This Mom Went Viral For Sharing Why She Asks Her Kids' Permission Before Doing Certain Tasks, And It's Opening An Interesting Conversation Around Parenting And Consent
"Can I give you a hug?"
Alissa is a 32-year-old mother and elementary school teacher from the Chicago area. She recently went viral on TikTok for showing the unique parenting style she uses to teach her two sons, aged 2 and 4 years old, how to exercise consent.
In the video, Alissa asks her son if he needs help doing certain tasks, like picking out his clothes and brushing his hair, and models her actions after his responses.
She also asks permission before hugging her son and uses his verbal cues for other physical situations like tickling. For example, she stops tickling immediately when he tells her to stop.
Alissa also shared how she practices body autonomy with her younger son while she changes his diapers. In the video, she communicates with him and explains what she's doing so he doesn't feel like "a passive observer."
Alissa's TikToks currently have over 7 million views and have opened an interesting conversation in the comments around parents and boundaries. Many people praised her for this method, saying they plan to use it on their children in the future.
Alissa told BuzzFeed that she learned about consensual care tasks in caregiving during her early childhood education curriculum at Illinois State University. "Throughout my years of working with children, I had time to practice these skills and activities to see what worked and what didn’t work. It made sense to me to carry over the same methods to my own children. I believe teaching children consent and body boundaries should be one of the very first things they learn in the world."
She splits her parenting tasks into "must-do care tasks" and "may-do care tasks," which differ in how she approaches them with her sons. "Must-do care tasks have to be done, but you can give them controlled choices within them so the child has some options and thinks they’re in control of their body in SOME way, and the task is completed."
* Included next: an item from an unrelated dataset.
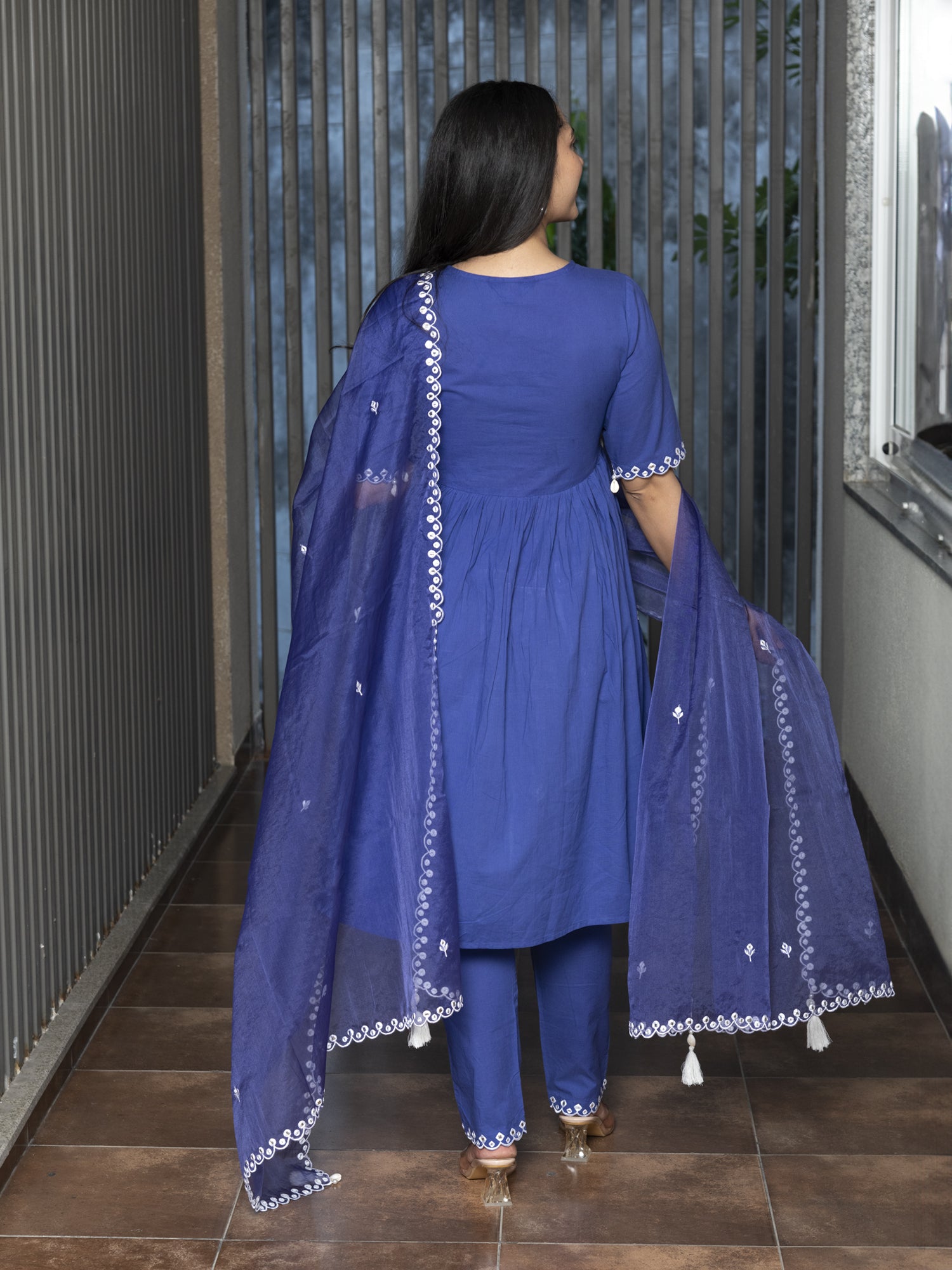 Introducing the 'TEERA SOLID-EMBROIDERED KURTA-PANT & DUPATTA SET,' a mesmerizing ensemble that embodies timeless grace. Cloaked in blue, adorned with resplendent white embroidery, gracing the neckline, yoke, sleeves, and bottom, this set is a symphony of artistry. Accompanied by matching pants, its allure is heightened with a matching organza dupatta featuring delicate white thread scalloped detailing, transporting you to a realm of refined sophistication.

"For example, if it’s time to brush their teeth, I’ll say, 'Would you like to brush now or in five minutes?' They feel they have autonomy over their body, we both feel it was a consented task, and I’m happy because my children are cared for."
"A lot of people ask me what I do when they say no still after the five minutes. ... That’s when I remind them of the deal we made, and why it’s important for their body to do the task. If that still doesn’t work, then I recommend parents doing whatever their normal go-to would be for discipline or redirection. For my sons, I may just redirect them and distract with a different activity for a few minutes and then take them to brush their teeth. It may be loss of a privilege, it may be brushing your teeth together to motivate them, or it may be a 'time in' for a few minutes. Lots of options, but you have to do what’s effective for your child, since all are unique."
When it comes to "may-do care tasks," she offers more wiggle room and autonomy. "I would ask first before doing [those] because they aren’t completely necessary! Does your daughter REALLY need to have a bow in her hair if she doesn’t want it, just because it looks cute?"
And one area that Alissa finds non-negotiable when it comes to consent: physical touch.
"I think consent during the physical touch like hugs or tickling is imperative for all ages (except hugging babies, of course, since they need that nurturing). I think all adults can agree that there was some time in their lives that they did not want to be tickled, and even when they told the person to stop tickling, they didn’t. And it was a terrible feeling, they felt like they weren’t in control of their bodies. So, ask children first if you can hug them, if you can tickle them, etc. And if they say stop, STOP! We want to have them understand boundaries of their own bodies and others."